If more people would buy 500$ * 16 == 8000$ video cards, then it might be something you’d have a chance of seeing

In any case, wouldn’t it be kinda pointless to move to double precision in GPUs until 64 bit CPUs become the norm (not to mention 64 bit OSs)? It’ll definitely be quite a long while until such precision is implemented into GPUs.

Most CPUs have handled 64 bit precision floating point numbers for quite some time now.

j

Originally posted by j:
Most CPUs have handled 64 bit precision floating point numbers for quite some time now.

My point was a matter of optmization, but looking at some of AMD’s tech documents, it appears that both are well supported equally well in the FPU. It appears that 3DNow! is meant for single precision floats, though. Not sure about SSE or SSE2. . .

phoenix_wrath, you need to calm down, all I see are a few well intentioned if off the mark posts :-).

Simulators have traditionally applied a double precision offset from the origin to handle large coords. Basically you subtract the DP eye position from the DP model matrix (or at least a large equal amount from both) to produce a smaller single precision model (or modelview) matrix. In reality it’s often only the translate component that is important in this.

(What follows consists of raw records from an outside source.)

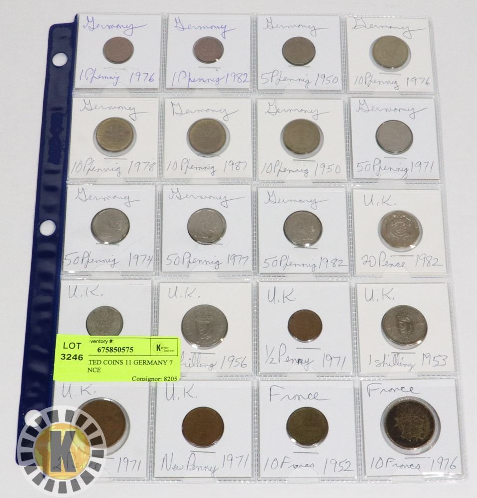20 ASSORTED COINS 11 GERMANY 7 UK 2 FRANCE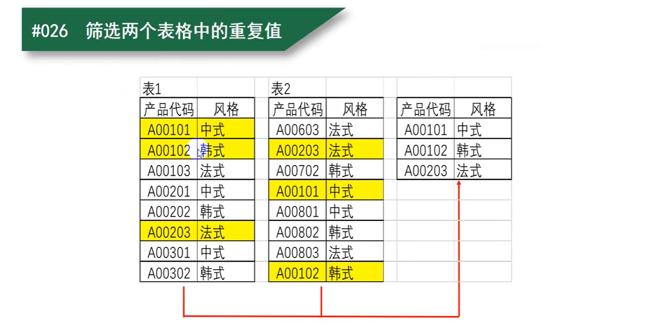- 课时27:筛选两个表格中的重复值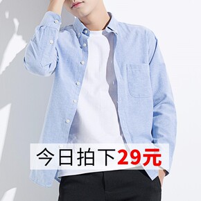 春季男士牛津纺长袖白衬衫韩版潮流青年寸休闲棉衬衣...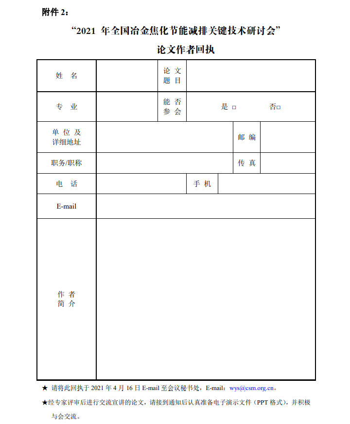 上一条:关于征集《钢铁行业CO2减排技术规范》参与单位的通知 下一条:中国金属学会关于“2021年全国高品质特殊钢生产技术研讨会暨中国金属学会特殊钢学术年会”的征文通知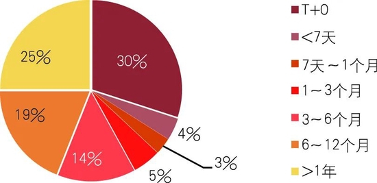 高流动性仍是银行理财客户的主要理财需求之一。截至2021年上半年,“T+0”产品最受投资者青睐,持有数量和金额占比分别达到46%和30%,而半年及以下期限的理财产品数量和金额占比为72%和56%(见图4、图5)。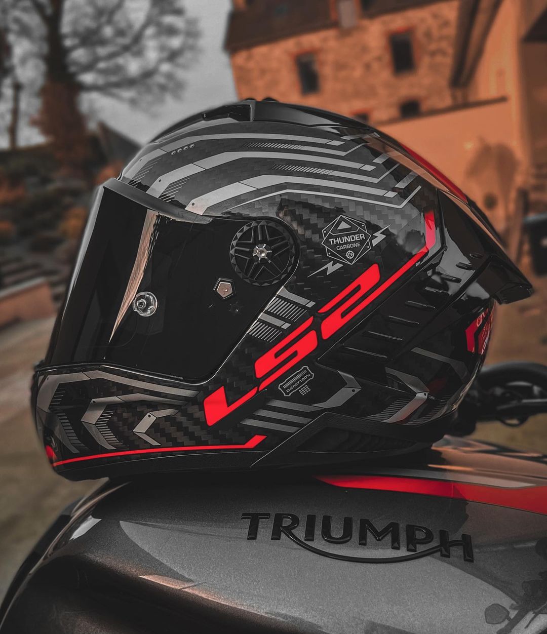 LS2 FF805 Thunder Carbon là mũ bảo hiểm fullface cao cấp, vỏ sợi carbon, trọng lượng nhẹ (~1.4kg)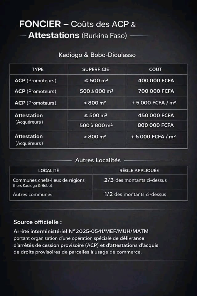 Dans les grandes zones urbaines comme le Kadiogo et Bobo-Dioulasso, les montants sont plus élevés. Pour un terrain bâti, il faut par exemple compter 375 000 FCFA pour une parcelle de 300 m² ou moins, et jusqu’à 600 000 FCFA lorsque la superficie augmente, avec un supplément à payer au-delà de 500 m².Du côté des terrains nus, les tarifs démarrent autour de 300 000 FCFA dans ces mêmes zones, puis évoluent progressivement en fonction de la taille de la parcelle.

Doubling up the precision of all your transform hardware and all your transmitted or stored vertex locations seems like a heck of a price to pay when it isn’t needed.

Looking at the problem as it exists in real simulators with real databases, limited support for DP modelview matrix operations in hardware is probably the next best thing. All databases I’ve seen store some sort of structure with positional offsets explicit or implied & single precision vertex values within each ‘node’. Any competent simulation engineer could also easily accomplish this if it weren’t the case from the outset.

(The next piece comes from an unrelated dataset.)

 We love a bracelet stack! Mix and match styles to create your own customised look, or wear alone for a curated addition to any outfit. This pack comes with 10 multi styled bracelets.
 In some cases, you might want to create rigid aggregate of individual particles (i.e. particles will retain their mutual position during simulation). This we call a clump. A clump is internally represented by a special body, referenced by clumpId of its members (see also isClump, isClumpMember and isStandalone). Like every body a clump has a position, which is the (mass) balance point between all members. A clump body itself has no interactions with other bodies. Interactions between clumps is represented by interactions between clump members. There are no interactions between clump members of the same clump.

So what you really want supported in hardware to make life easier is the ability to eliminate the software modelview manipulation of:

// pseudocode
float_modelpos = (float)(double_modelpos - double_viewpos);
single_viewpos = 0,0,0;

or the equivalent scheme where a fixed number is subtracted from each.

It’s that subtraction that’s the pain to support in large coordinate simulation and the attendant sudden switch of matrix locations if the offset changes at a tile boundary and all your dynamic effects etc need to be adjusted frame synchronously etc.

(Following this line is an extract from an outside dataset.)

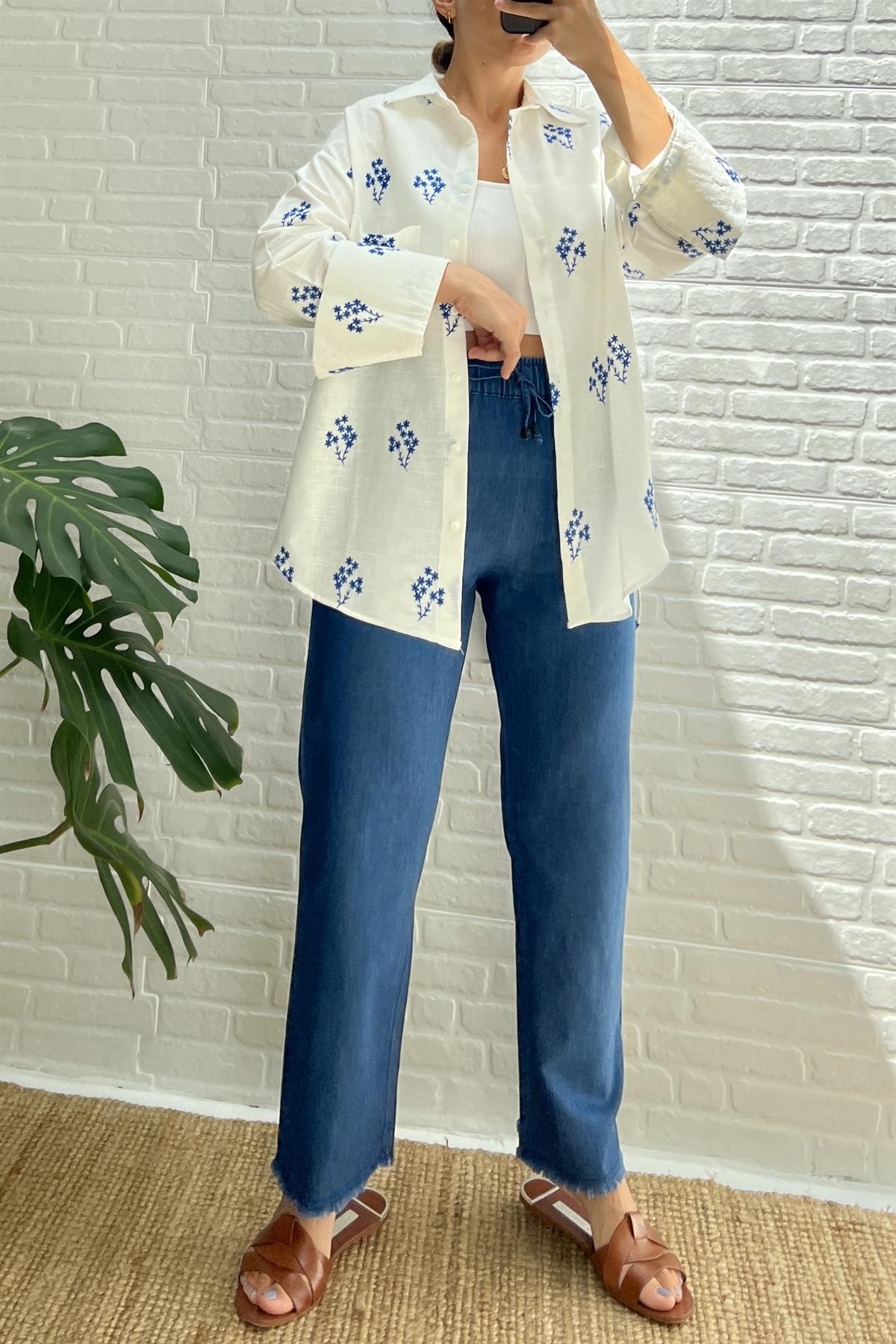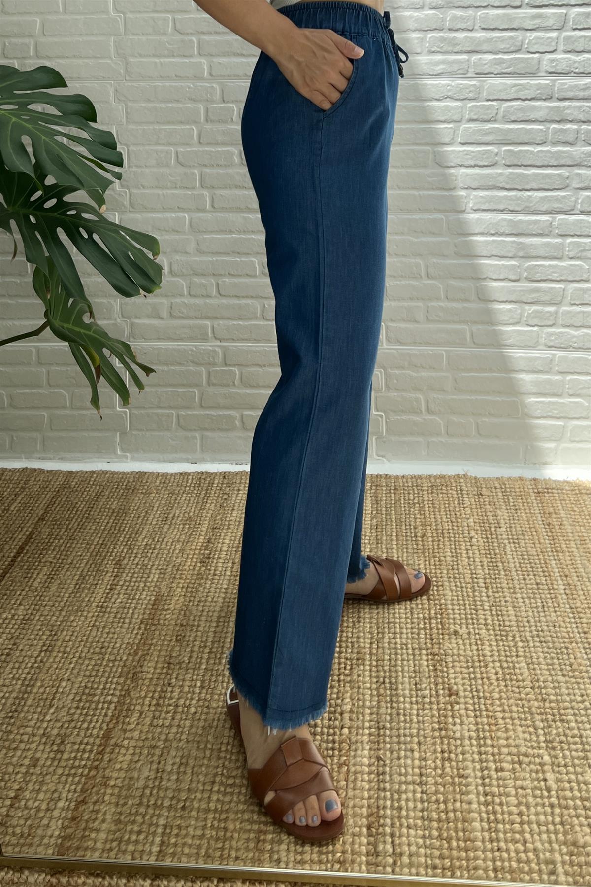 İndigo Paçası Püskül Detaylı Rahat Pantolon

In it’s simplest form an implementation would allow you to just use doubles in your modelview matrix calls (and texture dare one hope) and it’d all happen under the covers. You wouldn’t need 64 bit for most applications, maybe only 48 bits with particular attention to translate terms under matrix multiplication would solve many issues.

Even if you think you want DP everywhere you don’t, you want the above or some variation on it, and that is a far more likely prospect if you ask for the right thing and implementors understand how easy it is to support.

With the speed of systems these days single precision arithmetic isn’t an issue for competent implementors but double precision is a definite nice to have, it makes software much simpler, while moving some software transformation to hardware and that can improve your dataase structure and have benefits w.r.t. database structure, application structure and state changes that I won’t go into here. In addition there would be spinoff benefits for other applications that used it.

So, consider the real support required here, the homogeneous divide doesn’t have to be supported at DP, not even the matrix*vertex, it’s only the modelview multiplications (and probably only for some fields initially) to get you an accurate model-view translation on the modelview matrix that are required so it SHOULD be a breeze to implement.

You multiply the matrices in DP (or even 48 bit fp), then cast to 32 bit after the multiply and transform all vertices in 32 bit as you currently do and you’re in simulation Nirvana. Anything more is gravy.

Finally, and respectfully, anyone asking for DP vertices and the whole nine yards (instead of the matrix support I’ve outlined), should be viewed with extreme skepticism. It’s just another example of asking hardware to solve the wrong problem, expensively, when a simple software approach is known to solve the problem.